Thomas Barriano said:


> Probably the same people that are paying the rest of us to read your nonsense. You have a lot to say for someone that claimed
> in their intro bio "New here. Looking to learn a little here."
> and doesn't even have a dog. If you're "not really interested in
> sport dogs" then do us all a favor and spare us your commentary.
> Better yet lets see some video of your superior dogs and/or training. Tick tock tick tock


I've probably trained more dogs then you've seen in your life so spare me your soft-witted commentary.


----------



## maggie fraser (May 30, 2008)

Dominic D'Ambrosio said:


> I've probably trained more dogs then you've seen in your life so spare me your soft-witted commentary.


Don't let them goad you Dom ;-), just be passive and carry a 17 inch schtik.....


----------



## Thomas Barriano (Mar 27, 2006)

Dominic D'Ambrosio said:


> I've probably trained more dogs then you've seen in your life so spare me your soft-witted commentary.

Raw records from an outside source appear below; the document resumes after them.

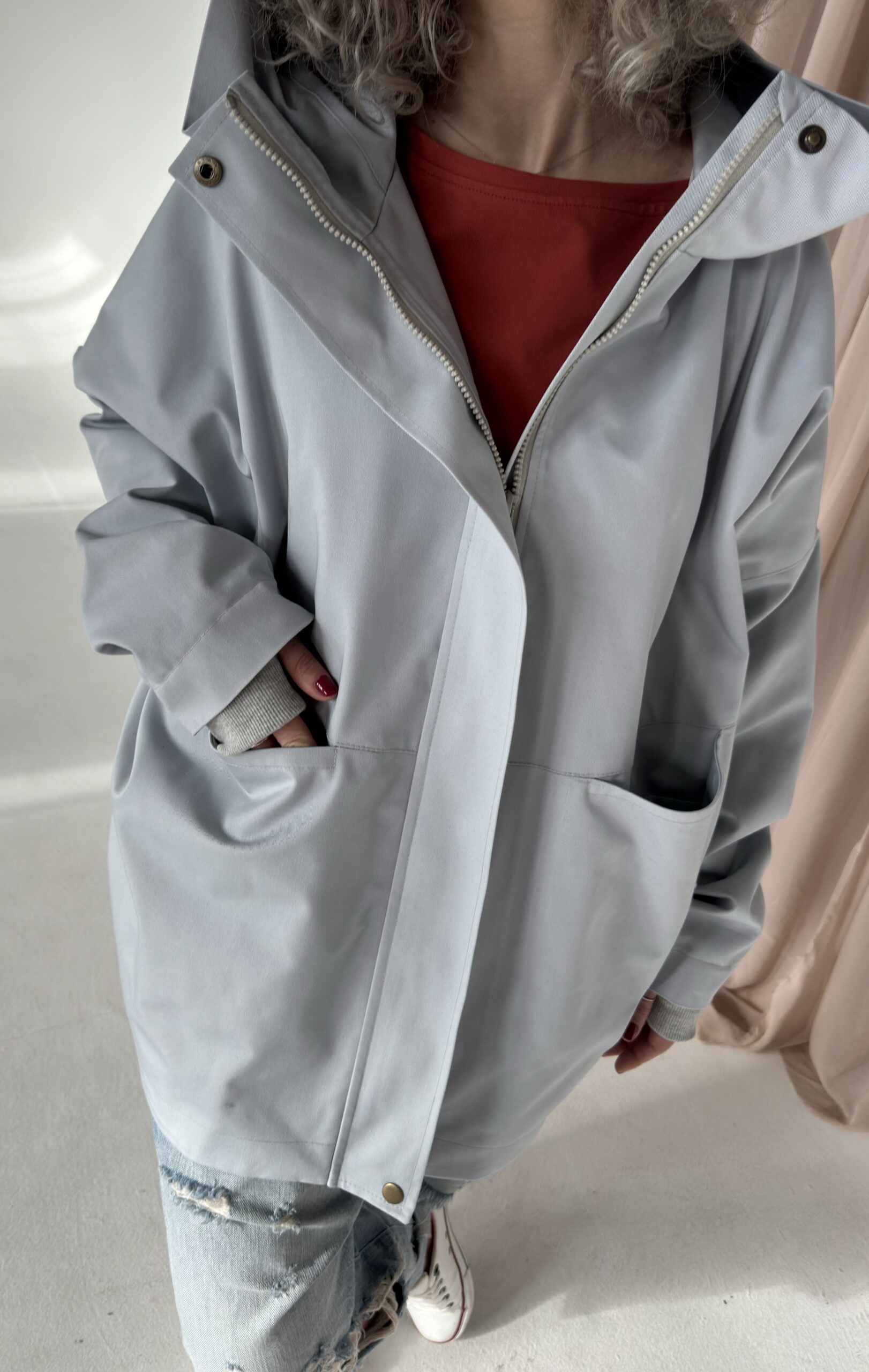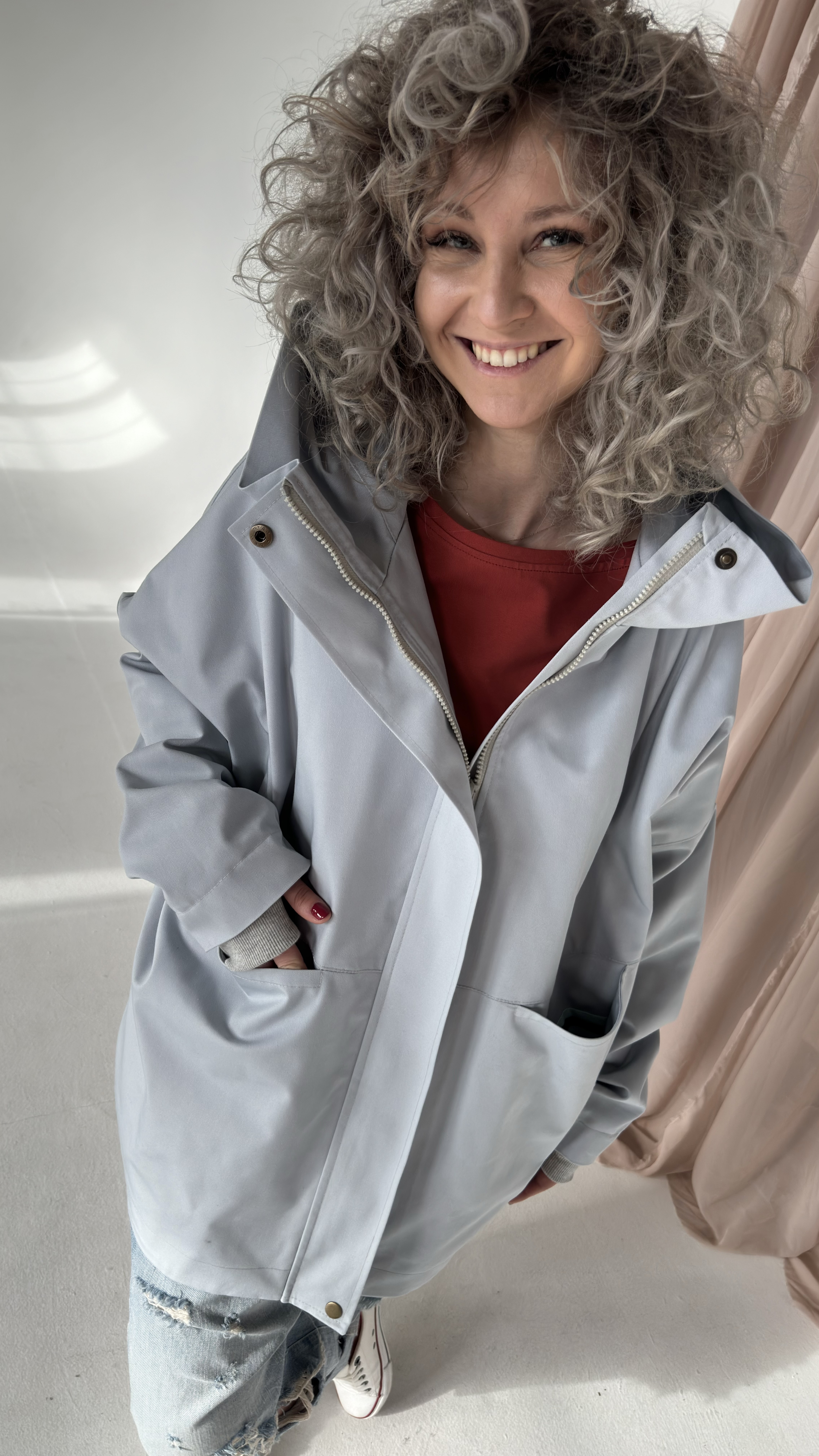 Lekka, wiosenno-jesienna, rozpinana kurtka. Wysoka stójka, głęboki kaptur z regulowana wokół gumką, ściągacze na dłonie z otworem na kciuki, głębokie kieszenie po bokach. Zwężana ku dołowi. Dłuższy tył. Od spodu bawełniana podszewka na całej kurtce (w losowym kolorze). W dolnym tylnym panelu gumka pozwalająca na marszczenie. Kurtka wprost idealna, świetna na codzień do sportowych stylówek.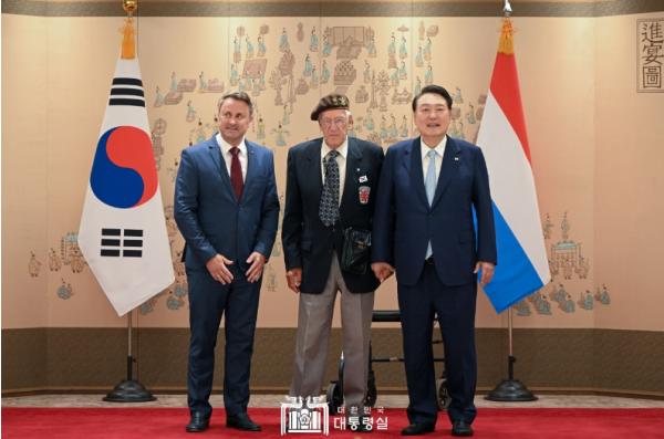 한편, 대통령은 룩셈부르크 총리 면담에 앞서 베텔 총리와 함께 방한한 레옹 모아?(L?on Moyen) 룩셈부르크 생존 한국전 참전용사와 환담했다.
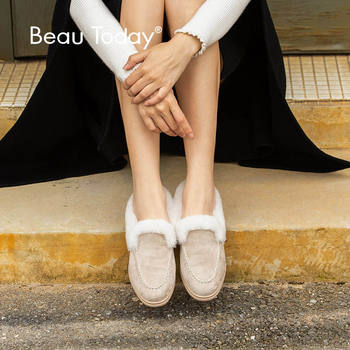 BeauToday Loafers Women Kid Suede Genuine Leather Round Toe Slip-On Lady Winter Warm Short Plush Shoes Handmade 27820

Let's see some video Dommy. Since you don't do sport dogs I know you don't have any titles. Talk is cheap, so put up or shut up.
The only thing soft is your 17mm sock puppet LMAO

Thomas Barriano
Dubheasa Germania (11/05/99-08/11/08) SchH III M R Brevet AKC WD III AWD 1 STP 1 CD WAC TT
Ascomannis Jago (06/20/03) SchH III AKC WD III AWD I TT WAC
Belatucadrus (08/14/05) DS BH TT MR Brevet 
Flannchadh von der Bavarianburg (5/21/08) BH STP I


----------



## Thomas Barriano (Mar 27, 2006)

Alice Bezemer said:


> let me help you decide :lol:


Which one is Dom?


----------



## Alice Bezemer (Aug 4, 2010)

Thomas Barriano said:


> Which one is Dom?



Good question...they all look like 17 mm sockpuppets to me so either one


----------



## Dominic D'Ambrosio (Jan 24, 2011)

Give me more credit Alice, I think I failed to mention my physique. Many people I meet think I was chiseled from stone when I remove my outerwear and that is no joke. Alice, did you get tickets?


----------



## Ashley Campbell (Jun 21, 2009)

The statue of David is chiseled from stone too and I don't see anything that represents 17 inches on him.


----------



## Gerry Grimwood (Apr 2, 2007)

Ashley Campbell said:


> The statue of David is chiseled from stone too and I don't see anything that represents 17 inches on him.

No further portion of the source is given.